Fast track (FT) protocols,
which include early feeding and ambulation, have been developed to reduce
length of stay for ostomy patients. This prospective, case matched study
evaluated data for 98 patient pairs matched for procedure type, age, gender,
and diagnosis. Surgical procedures included a total proctocolectomy and
pouch creation or completion proctectomy and pouch creation. Additional
matched features included the presence or absence of a diverting ileostomy.
Five additional patients who had a pouch revision were included to evaluate
the relationship between success and failure of FT protocols to decrease
LOS. Patients were followed up for more than a year and a half. A total of
83 matched pairs were evaluated for cost comparisons.

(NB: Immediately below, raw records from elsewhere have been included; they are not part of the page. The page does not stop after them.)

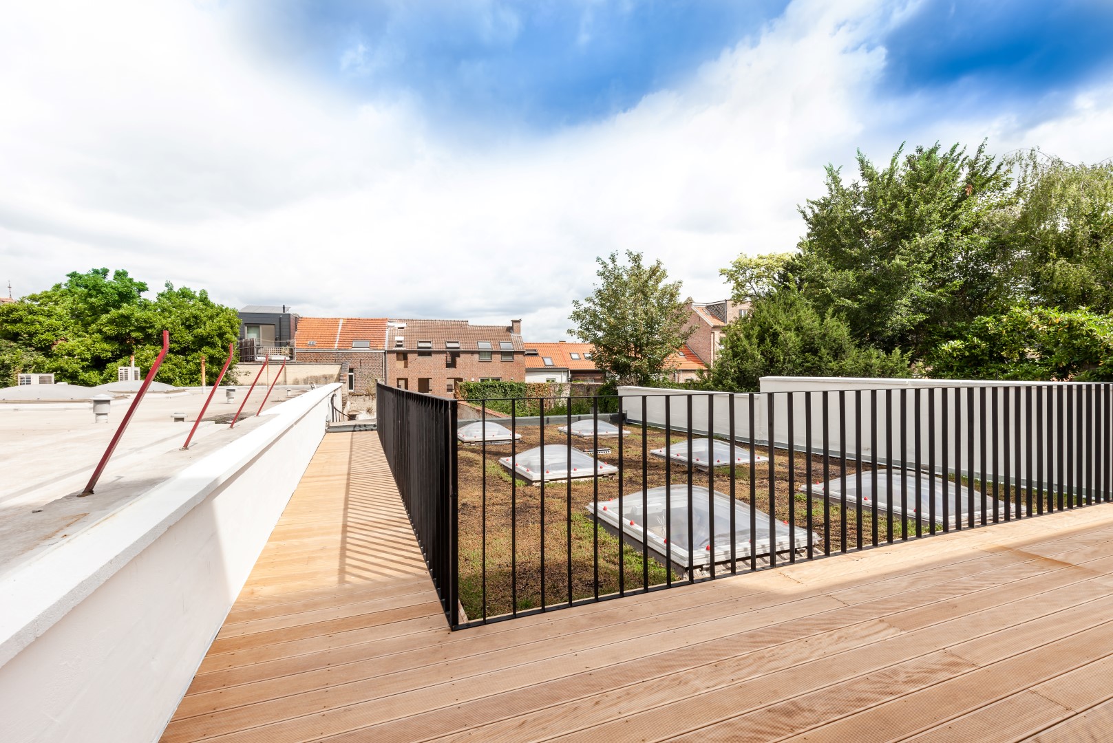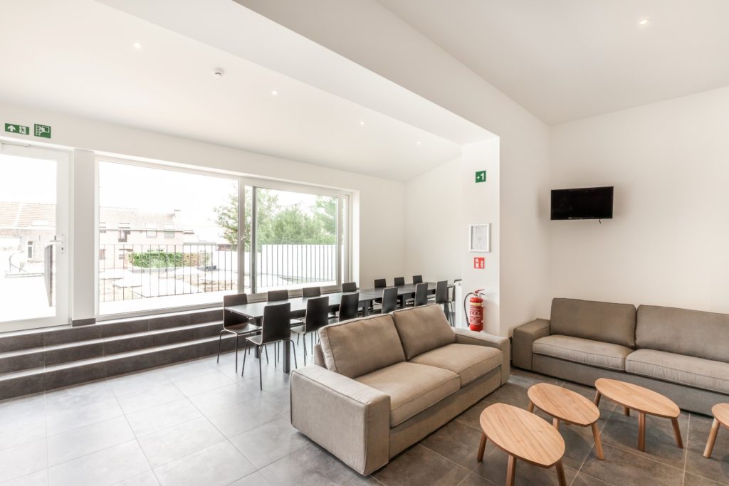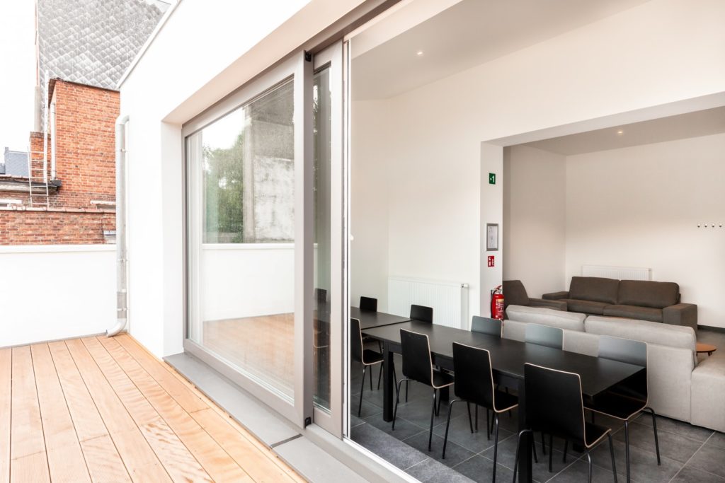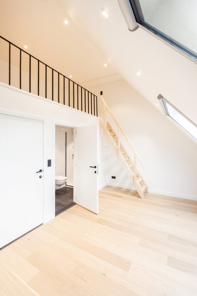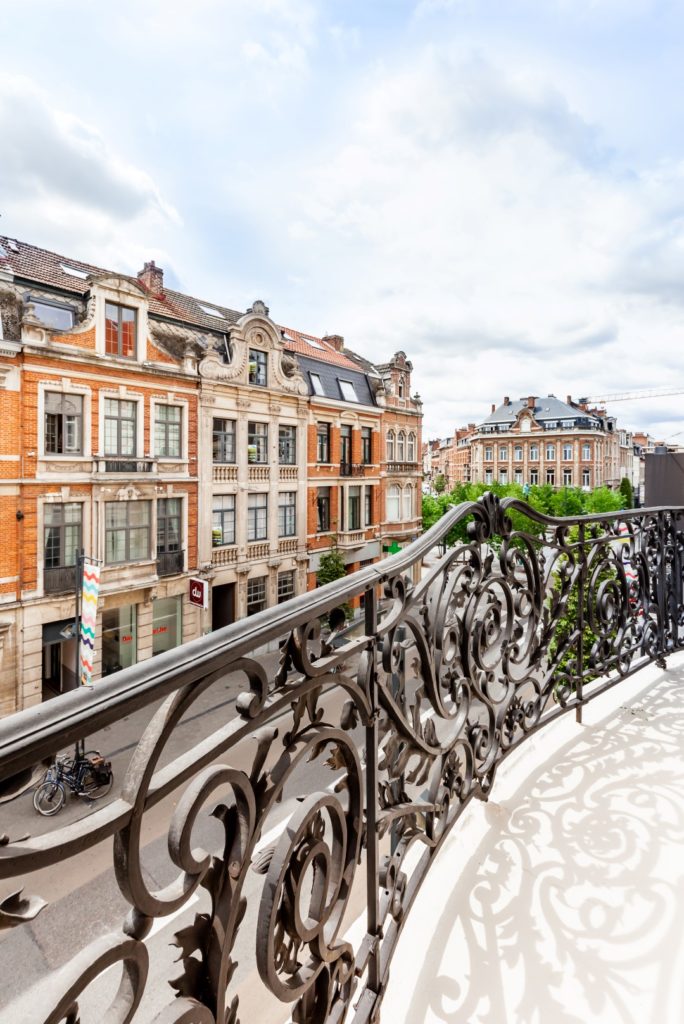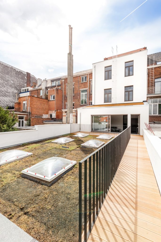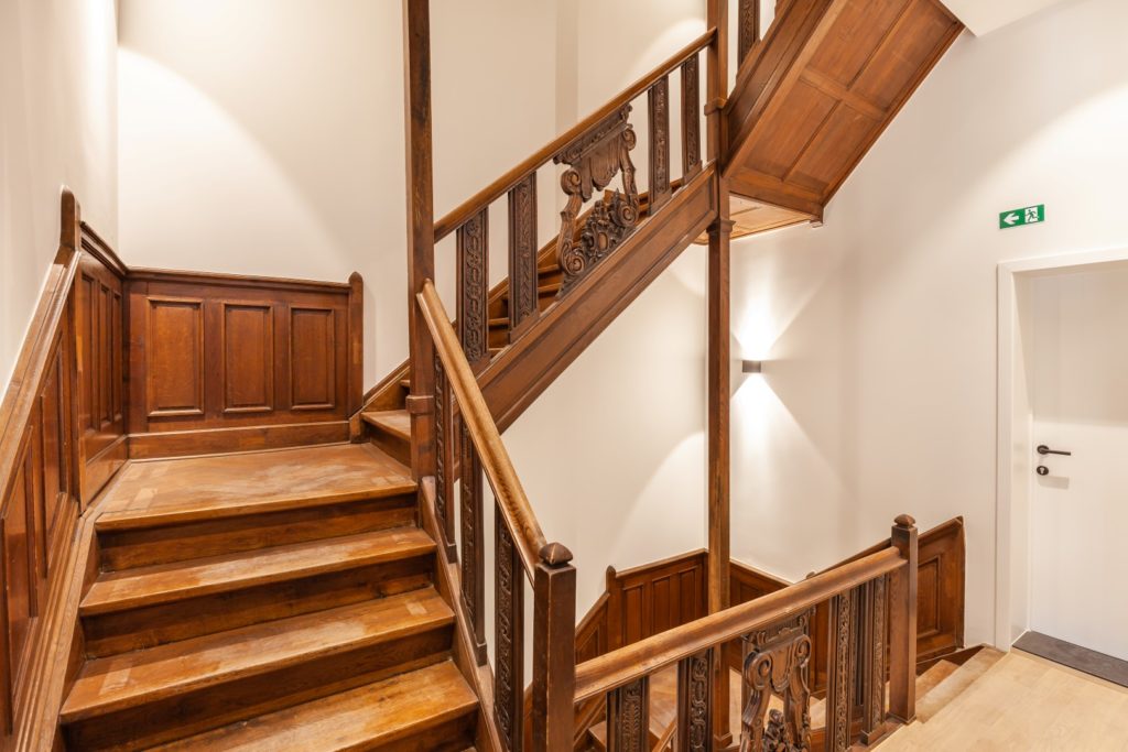 Het pand werd verbouwd in overleg met monumentenbeleid en met respect voor de erfgoedwaarde. Bij de realisatie van de zolderverdieping op het originele plat dak, werd het zenitaal licht behouden. Zo geven de woongelegenheden uit op een mooi verlichte centrale traphall waarin de oorspronkelijke majestueuze ‘kasteeltrap’ behouden en gerestaureerd werd.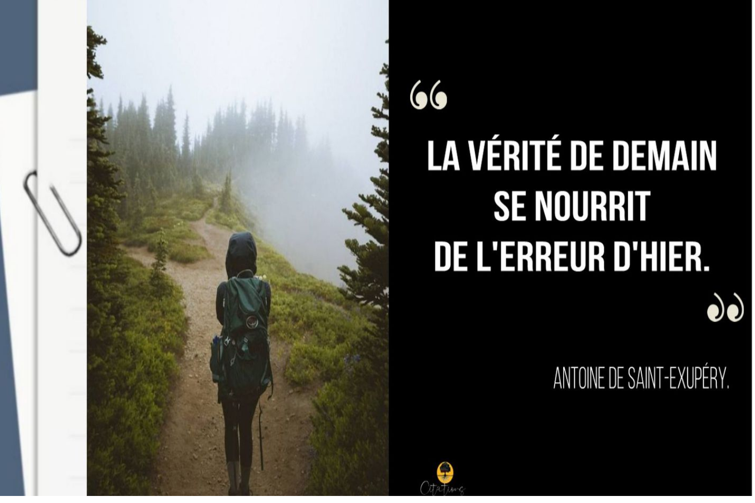 Citations La vérité de demain se nourrit de l’erreur d’hier. Antoine de Saint-Exupéry. 37 Share ” La vérité de demain se nourrit de l’erreur d’hier. ” Antoine de Saint-Exupéry. 37 Share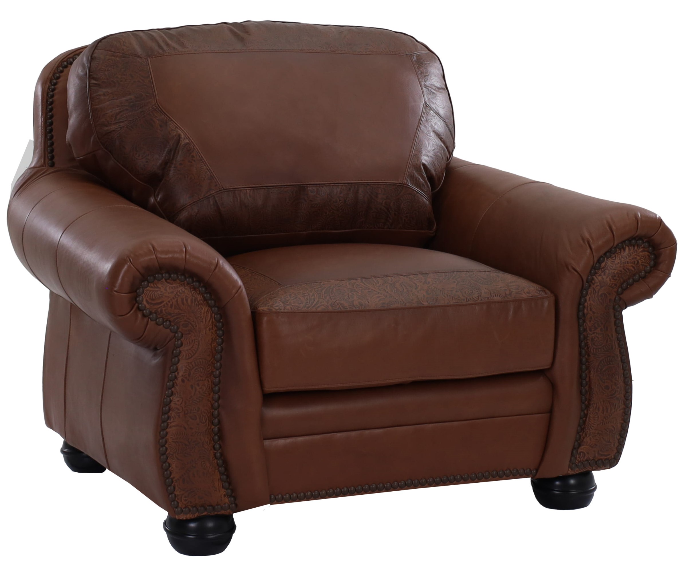 The 7500 features a rolled arm and a high back with paisley embossing on the back pillows, front rail and stump panel. Nailhead trim across the stump panel, back, and front rail completes the look.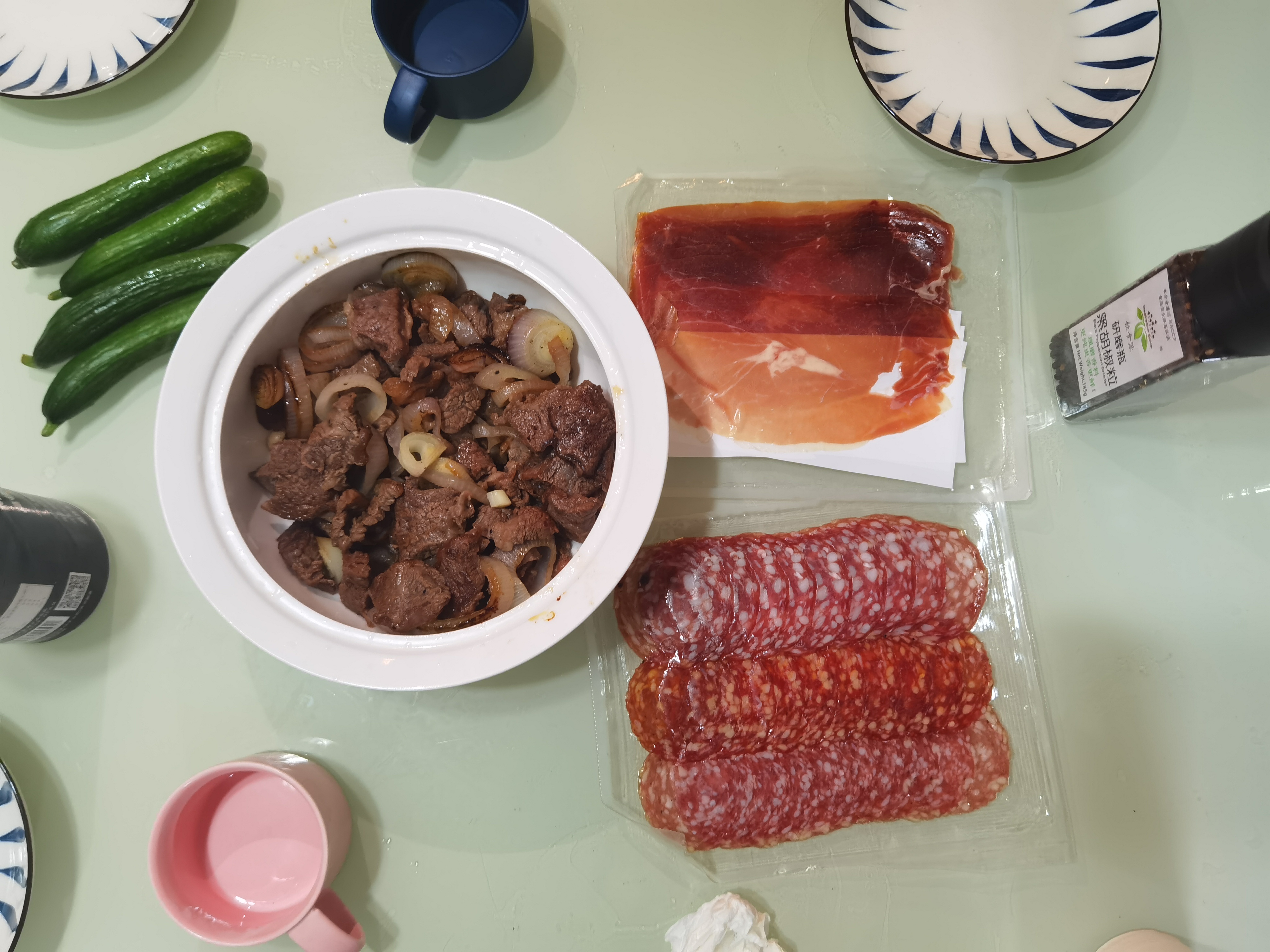 晚餐是这次最奢侈的一顿了,因为多下来的肉要全部吃掉。

Patient education about FT
protocols and milestones were seen as essential features of the program to
improve patient adherence. The FT protocols included patient instructions
prior to surgery so that they would know what to expect as postoperative
milestones and what was expected of them. The summary of FT versus control
instructions are shown in the table below.
Instructions |
Fast Track |
Control |
Pre-surgery |
Oral liquids offered, patient asked to sit in
chair and walk; stoma nurse provides pre-operative advice |
No supporting information provided |
Post surgery |
Oro-gastric tubes removed before extubation |
Naso-gastric tube removed 1-2 days after
surgery |
Day 1 post-surgery: Walking at least 5 times
around nursing floor, offered solid food (if tolerated) and liquids
with or without indicators of intestinal function
Day 2 post-surgery:
Teaching visits initiated |
Day 1 post-surgery: Sitting out of bed
Day 2 post-surgery: Walking
Diet withheld until signs of return of intestinal
function
Oral analgesia started when liquids were
tolerated |
Discharge from hospital |
After passing flatus or stool, able to drink
and eat solid foods, and comfortable on oral analgesia |
|
Not discharged from hospital |
Not comfortable with discharge plans (added
12-24 hours) or did not meet criteria for discharge |
|
Patients discharged within
five days were considered successes on FT protocols and patients staying
longer than five days were considered FT failure. FT success was achieved in
79 of the 98 FT patients. FT failure for the remaining 24 patients was
associated with male gender and FT failure seemed suggestive of a more
complicated recovery, with a higher rate of readmissions than patients with
FT success. The authors suggested that there may be a set of criteria that
could identify patients who would benefit most from FT protocols.
The median length of stay
(LOS) was not significantly different between FT and control groups. When
the LOS was broken down by days in hospital (less than 3 days and less than
4 days), there were more patients discharged in less than 3 days and in less
than 4 days in the FT group compared with the control group. It was
suggested that because research on fast-track protocols had taken place in
their facilities, some of the physicians who were not using strict FT
protocols may have incorporated some of the principles into their practice
and already lowered LOS for their patients, which may have affected the
comparison.
Another concern about FT
protocols includes the possibility that less direct care after discharge may
lead to a delay in the recognition of complications or other problems that
may require medical attention. However, the readmission rates were similar
between the two groups. The use of FT protocols to reduce length of stay did
not increase complications or to other issues that led to readmission and
reoperation, particularly in patients who were able to comply with the
protocols. The authors suggest that failure with the protocol may predict
higher incidence of complications.
The FT protocols were
associated with a reduction in direct 30-day expenses of approximately
$1,000 ($5,692 for 83 FT patients versus $6,672 for matched control group
patients). Reduced expenses were primarily associated with reduced nursing
care and other issues associated with length of stay.
Study
limitations include the lack of homogeneity of protocols for the control
patients and that different surgeons were involved in the FT versus the
control group care. However, the authors note that careful matching of the
patients should have been able to overcome the differences between a strict
FT protocol and variations in care provided in the control group.